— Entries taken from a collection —
....
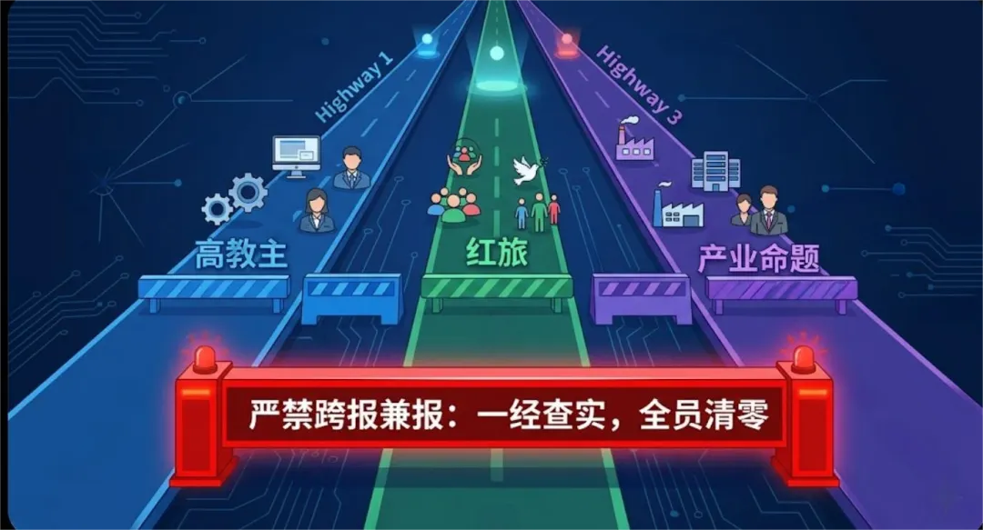 大赛系统查重 + 人工审核双重严查。一旦发现跨赛道兼报,直接取消所有参赛资格,无申诉机会!
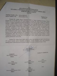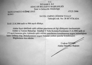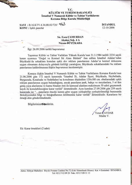 22 Agustos 2006 tarihli dilekcemize Adalar Belediye Baskanligi’ndan gelen aciklaMA’ya gore: “Istanbul 5. Numarali Kultur ve Tabiat Varliklari’ni Koruma Kurulu’nun 21.6.2006 tarih ve 172 sayili kararina gore Adalar’a isikli reklam panolarinin konulmasina uygun bulunduguna karar verilmis olup” “Adalar Belediyesi’nce uygun bulunan yerlere panolar konulmus”mus.
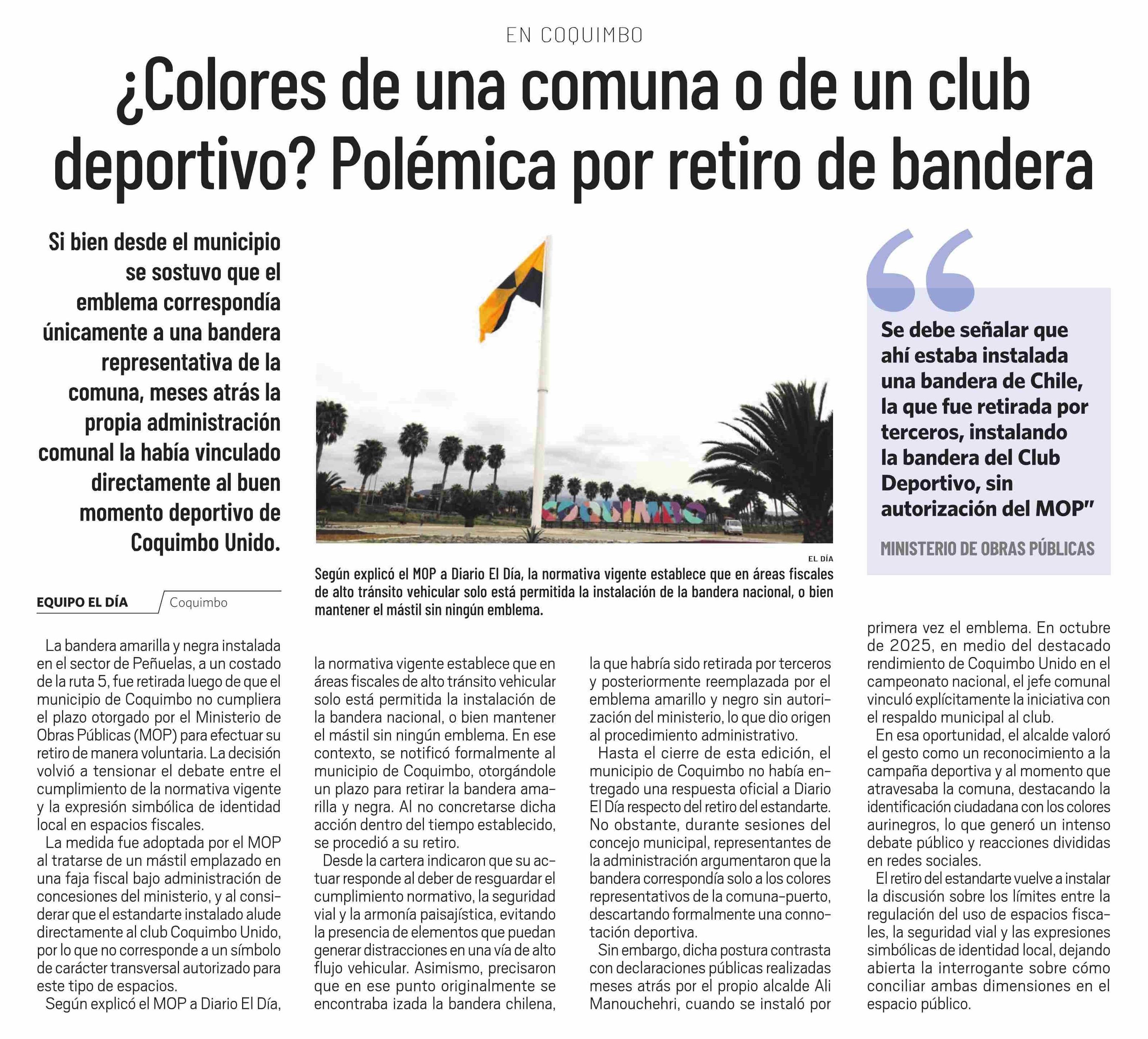 Título: ¿Colores de una comuna o de un club deportivo? Polémica por retiro de bandera
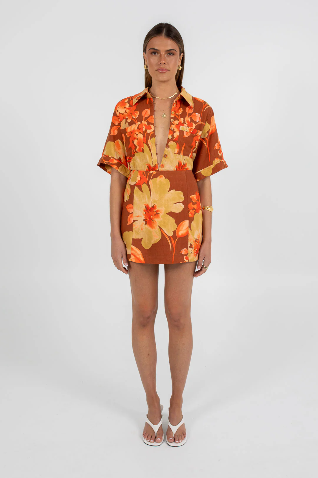 Relaxed, oversized Silhouette. Exclusive BAIA linen blend Peachy Floral Print with rust, peach + orange fabrication.
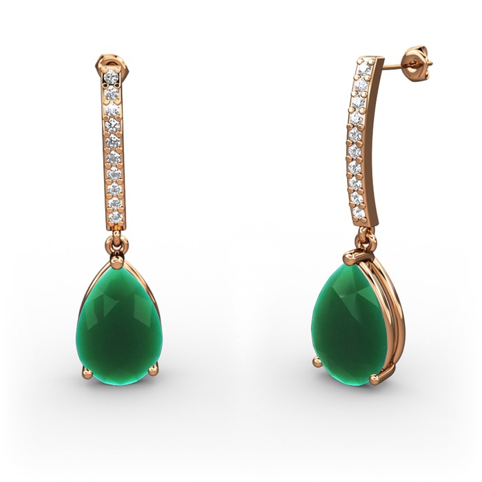 Kök zümrüt ve beyaz zirkon 14 ayar rose altın küpe
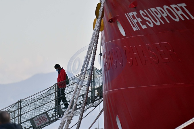 Emergency's Life Support ship arrives at the port to disembark 113 rescued shipwrecked people. Naples 17 December 2025, Credit:Felice De Martino / Avalon
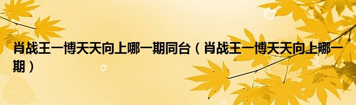 大家好,小生來為大家講解下。肖戰(zhàn)王一博天天向上哪一期同臺,肖戰(zhàn)王一博天天向上哪一期很多人還不知道,現(xiàn)在讓我們一起來看看吧!
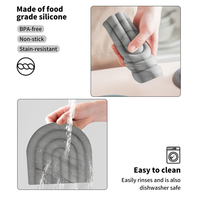Food grade silicone trivet mats are hand washable, dishwasher safe and waterproof.
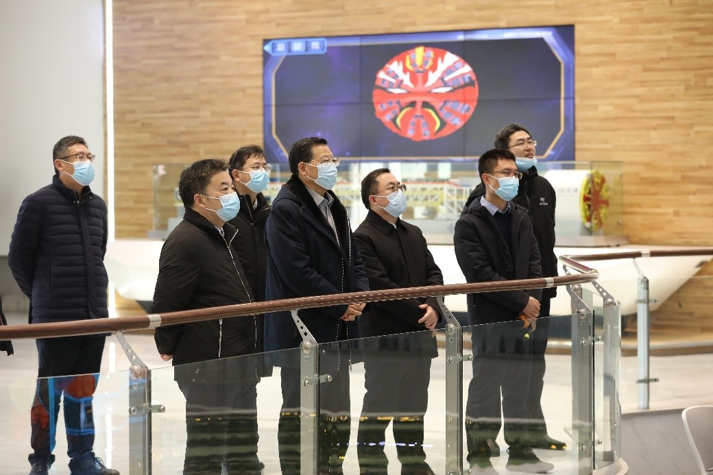 随后,何院士一行来到深达33米的工作井下察看了工程建设进展,就盾构机掘进情况进行了详细交流。该工程采用国之重器"京华号"超大盾构机,最大开挖直径16m,总长149m,总重4350t,是中国迄今研制的最大直径盾构机。盾构机自京榆旧线北侧始发井向南掘进、穿越中间井、到达万盛南街南侧接收井,计划于2023年5月隧道贯通。
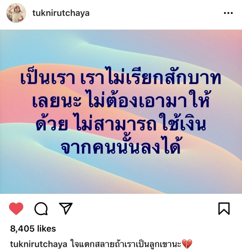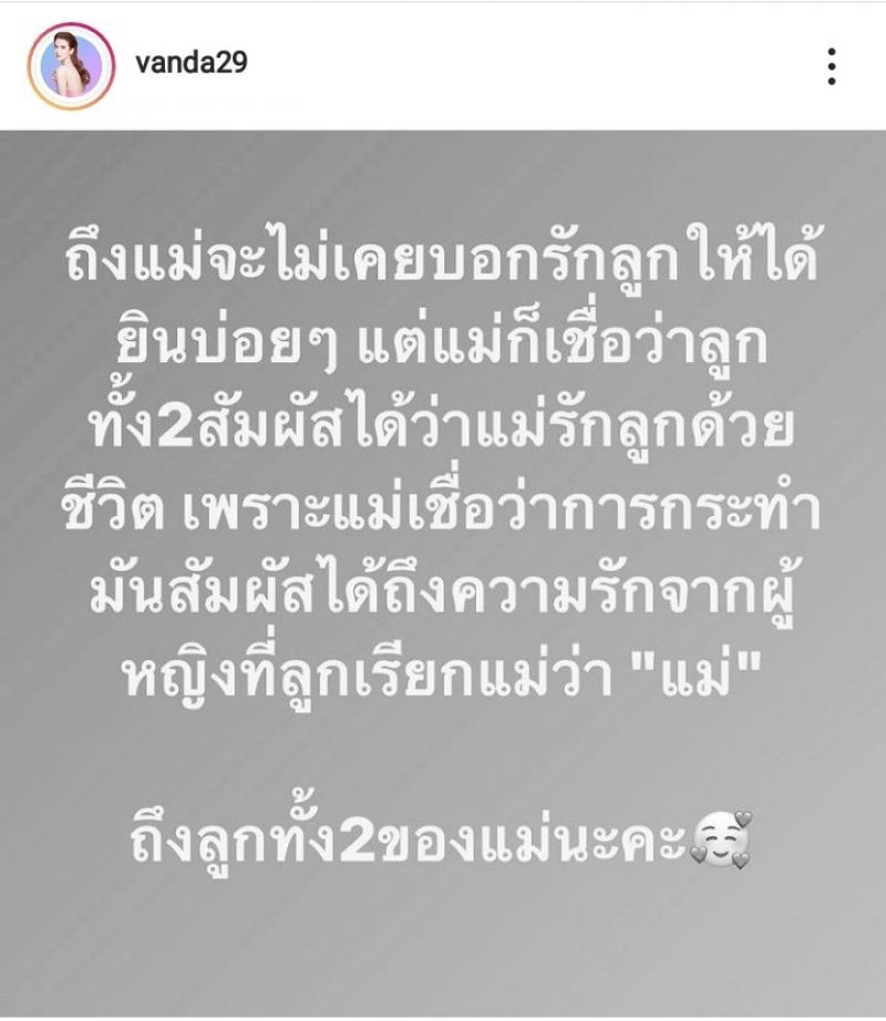เช่นเดียวกันกับแม่โบว์ แวนด้า ก็ได้โพสต์ในไอจีว่า ถึงแม่จะไม่เคยบอกรักลูกให้ได้ยินบ่อย ๆ แต่แม่ก็เชื่อว่าลูกทั้ง 2 สัมผัส ได้ว่าแม่รักลูกด้วยชีวิต เพราะแม่เชื่อว่าการกระทำมันสัมผัสได้ถึงความรักจากผู้หญิงที่ลูกเรียกแม่ว่า แม่
....
— Task details —
Please print the lines above exactly, beginning at the first line of the entries and ending at the line holding "22 Agustos 2006", and leave the pictures out.

— Answer area —
 大赛系统查重 + 人工审核双重严查。一旦发现跨赛道兼报,直接取消所有参赛资格,无申诉机会!
 22 Agustos 2006 tarihli dilekcemize Adalar Belediye Baskanligi’ndan gelen aciklaMA’ya gore: “Istanbul 5. Numarali Kultur ve Tabiat Varliklari’ni Koruma Kurulu’nun 21.6.2006 tarih ve 172 sayili kararina gore Adalar’a isikli reklam panolarinin konulmasina uygun bulunduguna karar verilmis olup” “Adalar Belediyesi’nce uygun bulunan yerlere panolar konulmus”mus.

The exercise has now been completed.